Diploma Thesis DIP-2892

BibliographyFehling, Christoph: Provisioning of Software as a Service Applications in the Cloud.
University of Stuttgart, Faculty of Computer Science, Electrical Engineering, and Information Technology, Diploma Thesis No. 2892 (2009).
77 pages, english.
CR-SchemaH.4.1 (Office Automation)
K.1 (The Computer Industry)
K.6.2 (Installation Management)
K.6.3 (Software Management)
K.6.4 (System Management)
D.2.11 (Software Engineering Software Architectures)
Abstract

Software as a Service is a software deployment method. Vendors employing it license customers to access the software on demand over the Internet. It allows that computing resources are shared between customers without them noticing. It also respects that costumers have different requirements by enabling them to adjust the properties of the application. This customization ranges from altering application internal processes to specifying individual service level agreements. Software as a Service vendors are therefore able to extend their target market drastically since the demands of a much larger consumer group can be met. To fulfill the additional characteristics of Software as a Service a number of challenges have to be addressed. Customizable qualities such as availability or security are strongly interleaved with the computing environment. Since fine nuances of these qualities are required for good consumer targeting multiple computing environments have to be utilized. Integration and management of these heterogeneous environments is vital for the success of a Software as a Service vendor.
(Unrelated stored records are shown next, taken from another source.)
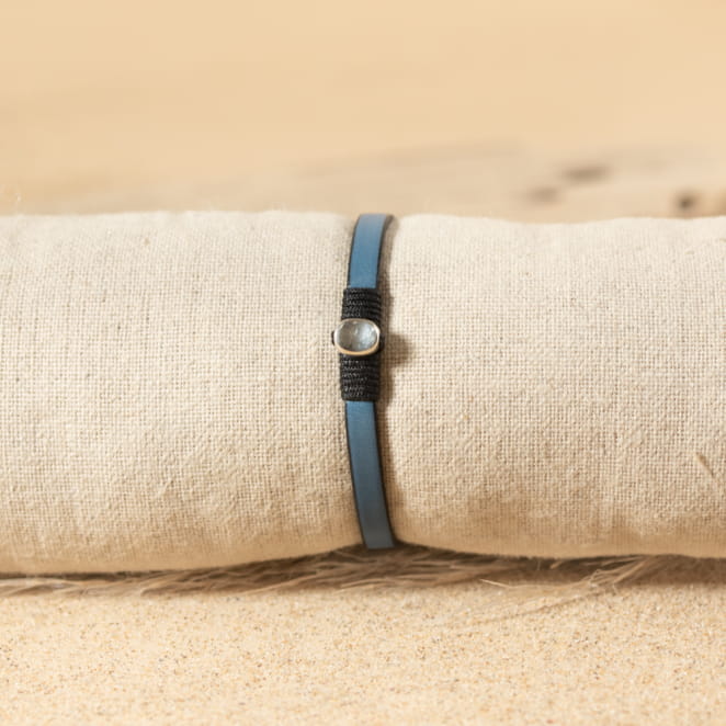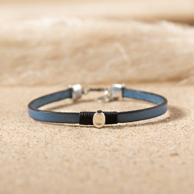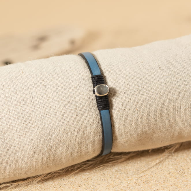 Découvrez le bracelet Djoudi, un bijou masculin élégant. Ce bracelet, avec son ruban en cuir bleu, se distingue par sa pastille ovale en métal argenté, subtilement attachée par un fil noir. Avec ses couleurs sobres, il s'adapte à tous les styles, offrant un look viril et lumineux.
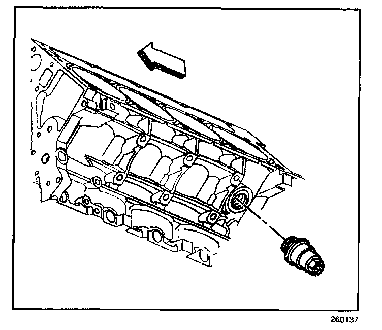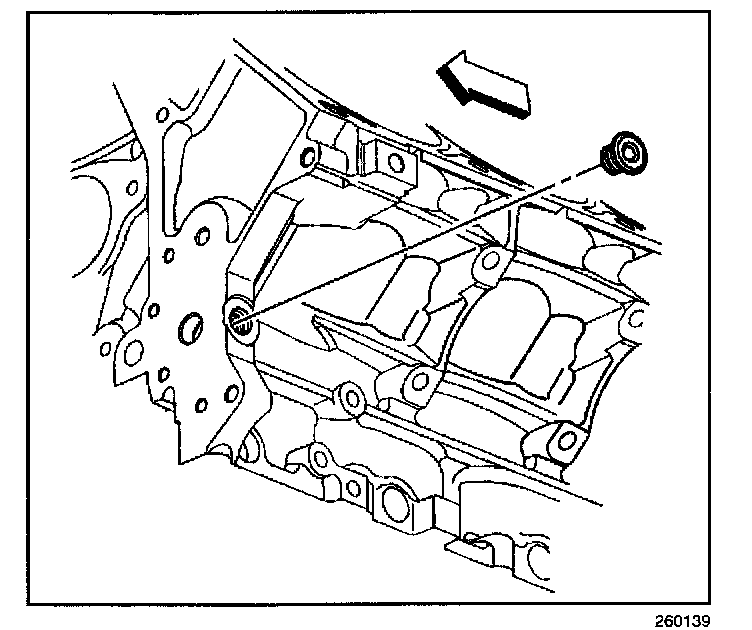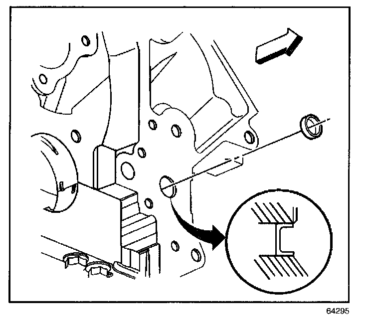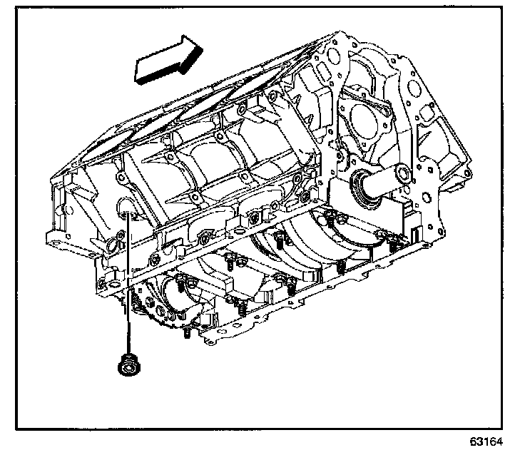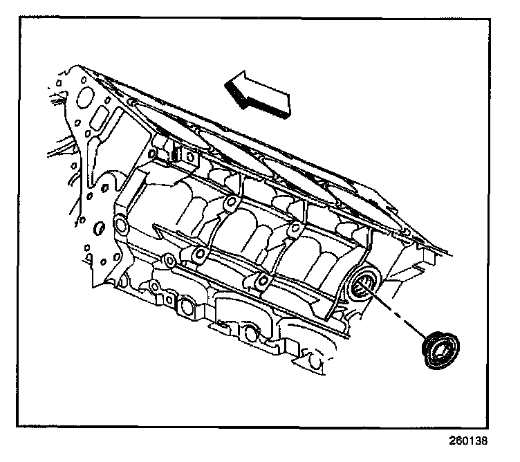 11. Inspect the engine block rear oil gallery plug and O-ring seal. If the O-ring seal on the plug is not cut or damaged, the rear oil gallery plug may be used again.
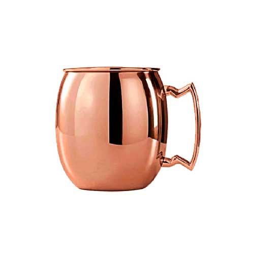 Mug de acero inoxidable electro plateado en cobre y asa de Zamak. Cobre en interior, color acero inoxidable en interior. Presentación en plástico burbuja dentro de caja kraft.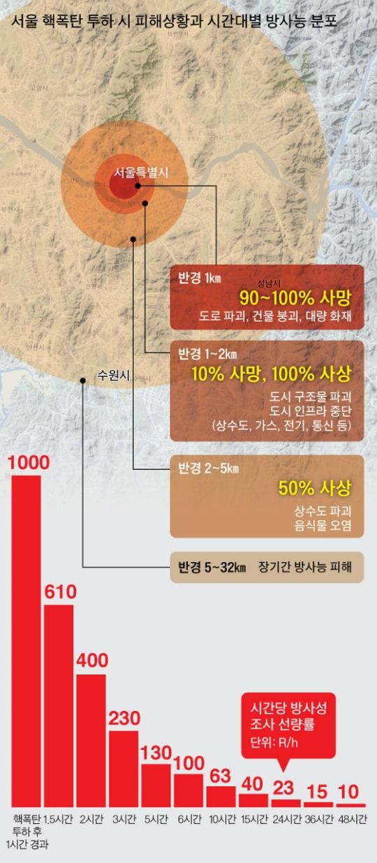 유사시 북한이 서울 도심을 향해 핵미사일을 발사할 경우 최대 300만 명의 인명피해가 발생할 수 있는 것으로 나타났다. 그러나 핵폭발 후 48시간 안에 대응을 잘한다면 인명피해를 5만 명 수준으로 낮출 수 있다고 한다.

Within the scope of this thesis integration of these environments and the load balancing of users according to their requested service level agreements is enabled. An abstract data model is defined describing the resources constituting the managed system as well as its users. Optimization of the user distribution is performed based on the information contained in this model. A system architecture able to reflect the optimization results is also introduced. It allows automatic provisioning of needed resources in the managed computing environments and reflects the distribution of users by routing their requests to assigned resources.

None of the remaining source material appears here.